TASK DETAILS:
No pictures, please: print exactly the lines from the one that contains "せめてローカロリーなものを・・・と思って買った『いぬせん』を3枚あげますた。" through the last line of the listing.

EXERCISE DATA:
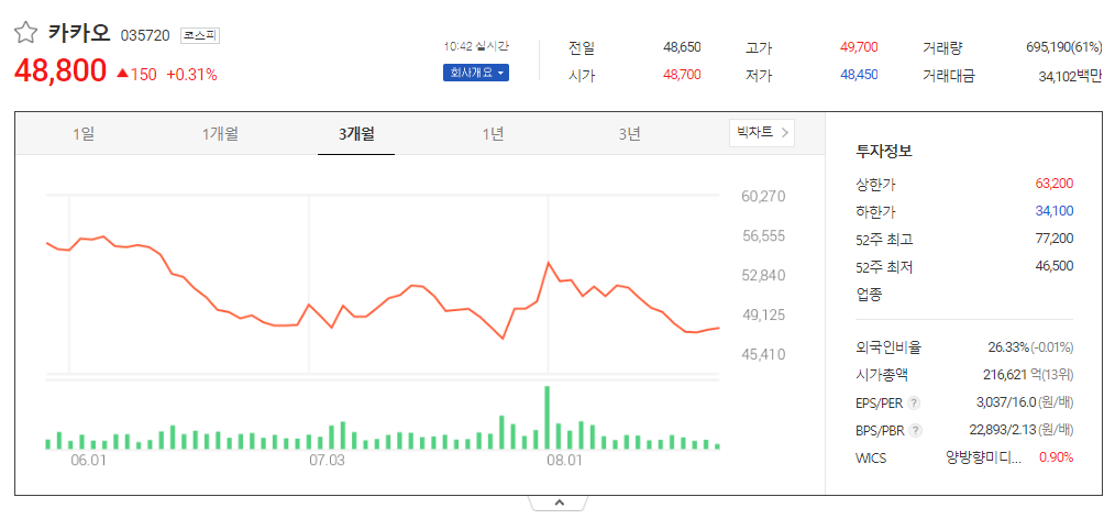 카카오 현재 주가는 48,650원이며 전일 대비 -3.85원의 모습을 보이고 있습니다. 카카오의 주주현황을 살펴보면 김범수(외 91인)이 지분 24.17%를 소유하고 있습니다. 카카오는 인터넷 서비스 기업으로 장중 기준으로 주가는 48,650원 입니다. 삼성전자의 시가 총액은 21조8621억 원이며 발행 주식수는 26.33주 입니다. 외국인 보유 비중은 1,131,155% 이며 장중 거래량은 444,351,090를 기록했습니다. 매출액은 37,828억 원, 영업이익은 5,803억 원을 달성했습니다. EPS는 840원이며 카카오 주식 배당수익률은 0.11% 입니다.
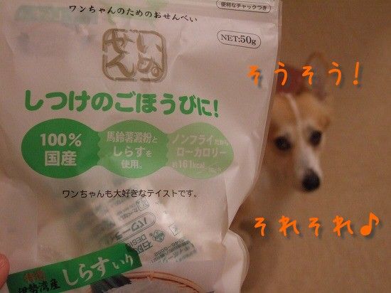 せめてローカロリーなものを・・・と思って買った『いぬせん』を3枚あげますた。
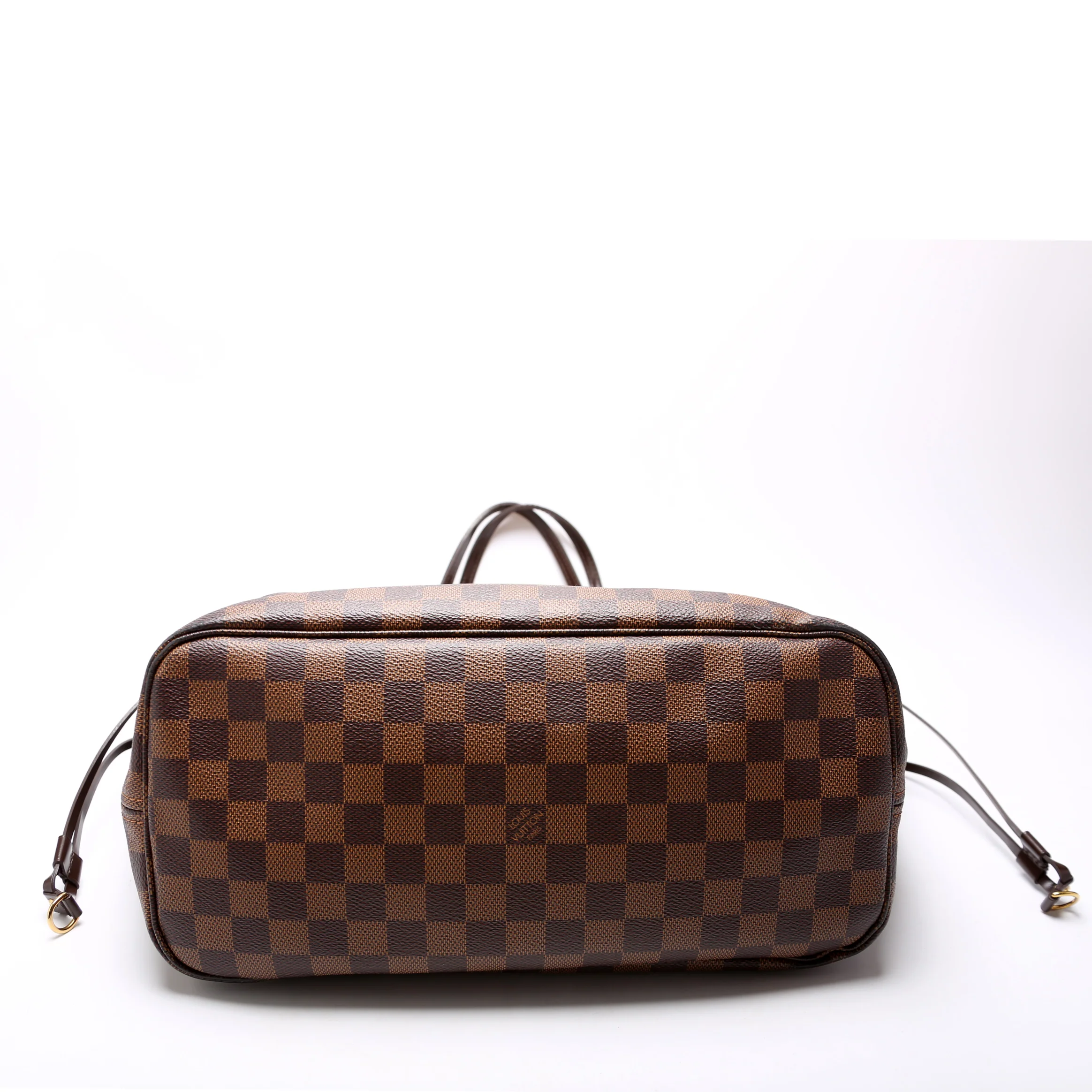 This pre-owned Louis Vuitton Neverfull MM is guaranteed 100% authentic. The exterior is in the classic Louis Vuitton Damier Ebene coated canvas.

EXPECTED ANSWER:
 せめてローカロリーなものを・・・と思って買った『いぬせん』を3枚あげますた。
 This pre-owned Louis Vuitton Neverfull MM is guaranteed 100% authentic. The exterior is in the classic Louis Vuitton Damier Ebene coated canvas.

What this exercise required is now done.